* Supplied records *
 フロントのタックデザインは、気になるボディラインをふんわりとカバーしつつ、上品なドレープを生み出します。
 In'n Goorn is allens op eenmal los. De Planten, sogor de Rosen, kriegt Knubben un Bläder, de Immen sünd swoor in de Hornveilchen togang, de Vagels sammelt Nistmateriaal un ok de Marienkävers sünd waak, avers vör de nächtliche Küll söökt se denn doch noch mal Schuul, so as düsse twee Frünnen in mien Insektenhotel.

...

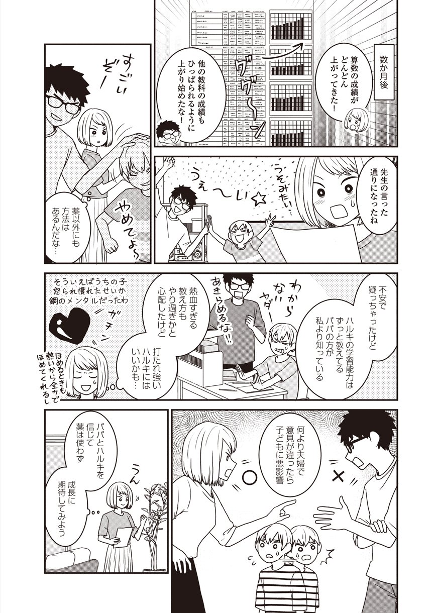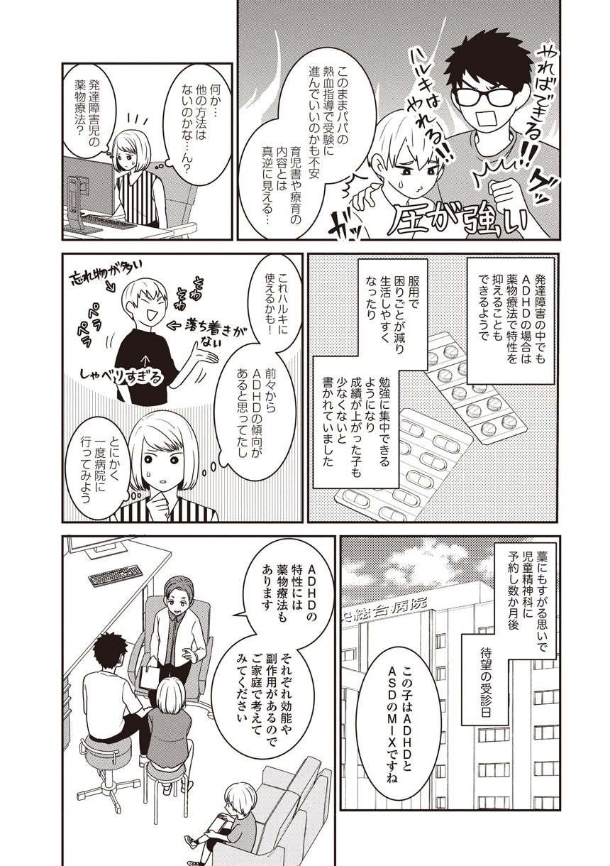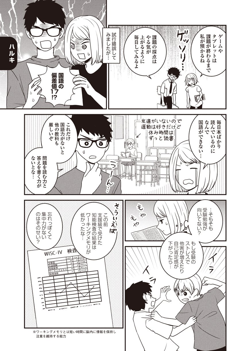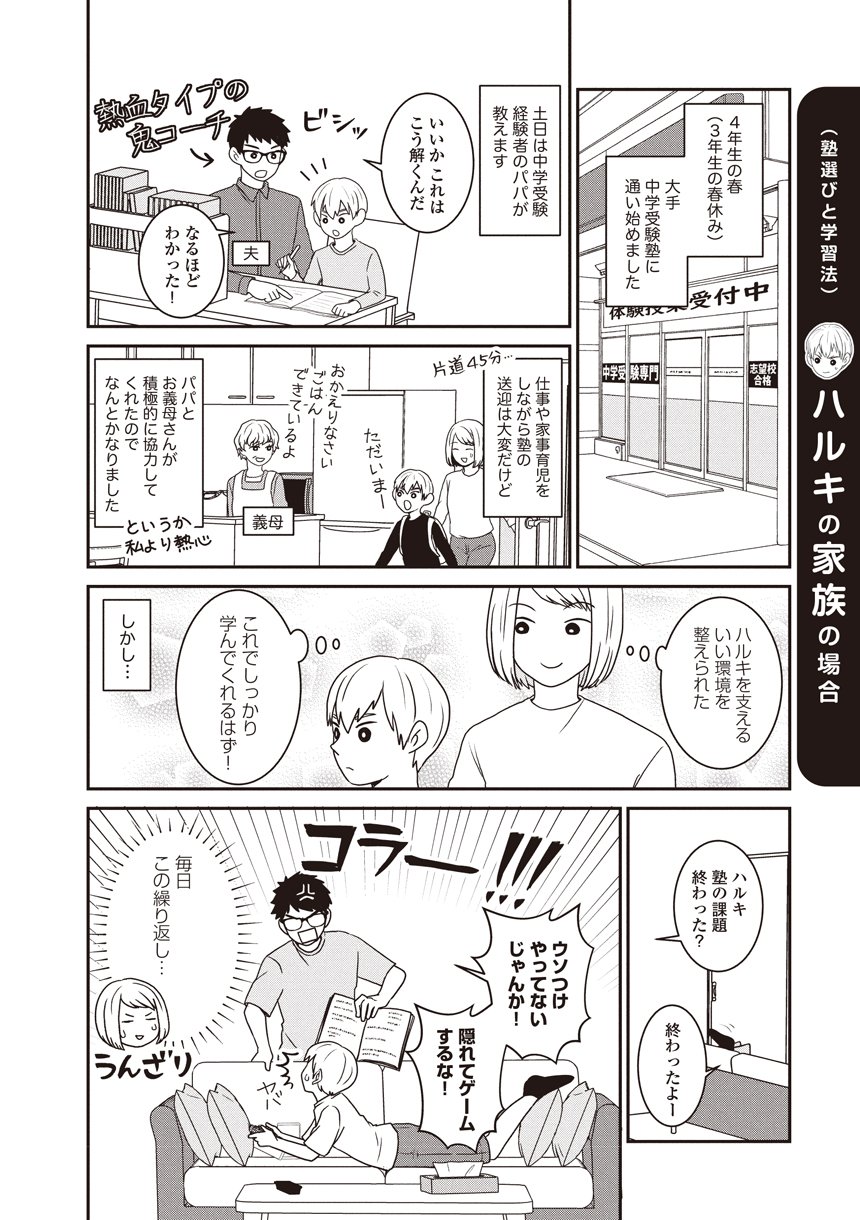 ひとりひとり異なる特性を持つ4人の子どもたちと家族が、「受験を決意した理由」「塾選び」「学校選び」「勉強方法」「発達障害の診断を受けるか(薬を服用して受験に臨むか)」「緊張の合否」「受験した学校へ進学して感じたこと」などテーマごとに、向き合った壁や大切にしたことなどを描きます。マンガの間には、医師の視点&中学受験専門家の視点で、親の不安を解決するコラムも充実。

* * *

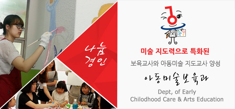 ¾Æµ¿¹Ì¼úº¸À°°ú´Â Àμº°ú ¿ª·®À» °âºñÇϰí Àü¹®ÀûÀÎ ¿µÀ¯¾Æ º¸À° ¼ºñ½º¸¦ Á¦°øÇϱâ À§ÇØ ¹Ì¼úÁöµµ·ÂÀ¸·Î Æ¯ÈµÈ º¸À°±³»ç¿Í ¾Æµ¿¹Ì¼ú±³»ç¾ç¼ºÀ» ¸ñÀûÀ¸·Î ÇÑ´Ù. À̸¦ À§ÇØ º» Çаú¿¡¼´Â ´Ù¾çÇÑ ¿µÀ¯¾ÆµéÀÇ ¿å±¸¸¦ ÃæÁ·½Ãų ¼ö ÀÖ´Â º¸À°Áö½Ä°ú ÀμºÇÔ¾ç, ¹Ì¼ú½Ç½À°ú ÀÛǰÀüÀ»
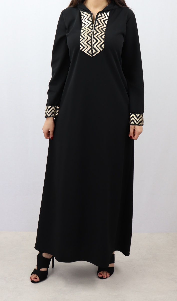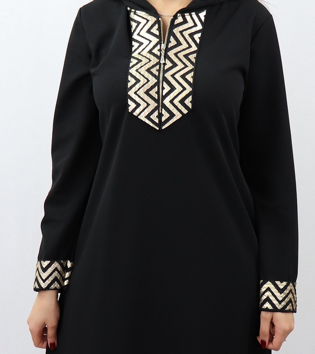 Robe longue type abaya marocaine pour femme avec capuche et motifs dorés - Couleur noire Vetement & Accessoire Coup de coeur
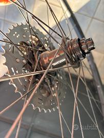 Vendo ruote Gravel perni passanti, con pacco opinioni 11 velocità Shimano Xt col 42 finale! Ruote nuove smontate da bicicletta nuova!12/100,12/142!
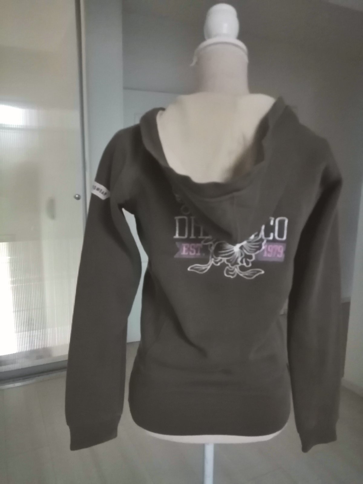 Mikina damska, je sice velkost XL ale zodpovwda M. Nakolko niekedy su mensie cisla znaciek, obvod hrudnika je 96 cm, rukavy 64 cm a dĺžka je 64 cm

* Work instructions *
From the data above, return exactly the lines from the one with "Robe longue type" up to and including the one with "Mikina damska, je". Pictures do not go in the copy.

* Answer for this exercise *
 Robe longue type abaya marocaine pour femme avec capuche et motifs dorés - Couleur noire Vetement & Accessoire Coup de coeur
 Vendo ruote Gravel perni passanti, con pacco opinioni 11 velocità Shimano Xt col 42 finale! Ruote nuove smontate da bicicletta nuova!12/100,12/142!
 Mikina damska, je sice velkost XL ale zodpovwda M. Nakolko niekedy su mensie cisla znaciek, obvod hrudnika je 96 cm, rukavy 64 cm a dĺžka je 64 cm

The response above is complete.